Nevertheless, some employers have been faced with litigation related to the pandemic. Nowak said his firm has seen nearly 750 lawsuits filed so far, mostly from California, New Jersey, Florida and New York.

“They fall into several categories,” he said, “unsafe work environments, people say they are subject to work in an unsafe environment. Failure to accommodate – I see a lot of those, not so much at the federal level but state laws being used to advance these lawsuits in state courts where workers claim they have not been provided accommodations … and failure to provide leave, whether under federal or state laws. Those are the most common areas we’ve seen.”

Key to preventing such litigation is speaking with and actively listening to employees.

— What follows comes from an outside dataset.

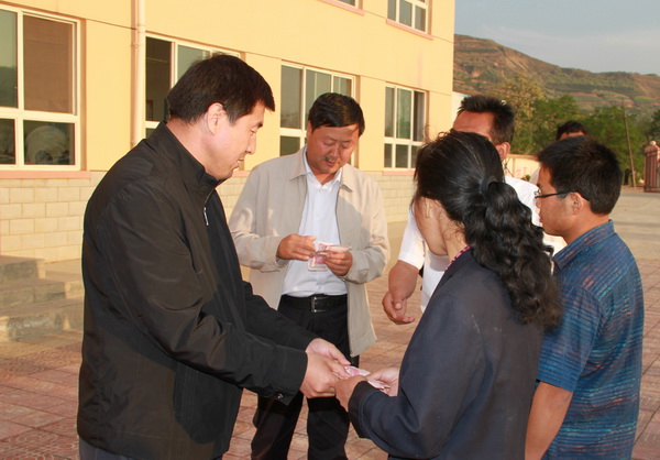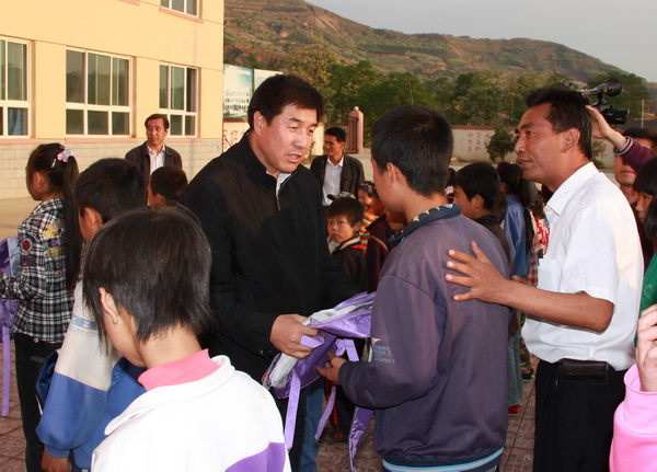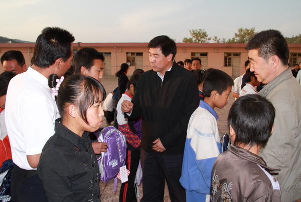 劉天波給青蓮附中困難學生發(fā)放書包等學習用品,并鼓勵他們要好好學習,爭當優(yōu)秀,學有所成,以更好的成績回報社會。

“When we start to engage with a worker, whether they will be off work or have an accommodation, a lot of times when they land with me they are frustrated, they don’t feel they have been heard. Or they’ve met with people who planted ideas like ‘don’t go to her, you’ll be fired.’ They hear this,” Paler said. “Take a look at how to smooth that friction, establish a level of trust in the beginning. ‘Let me hear your situation, I don’t know if I can meet every expectation, but we are in this together. Let’s figure out a plan that’ll work for you.’ I may not be telling them they’ve used up all their leave .. it will add to the friction. Work with them to solve [the issues].”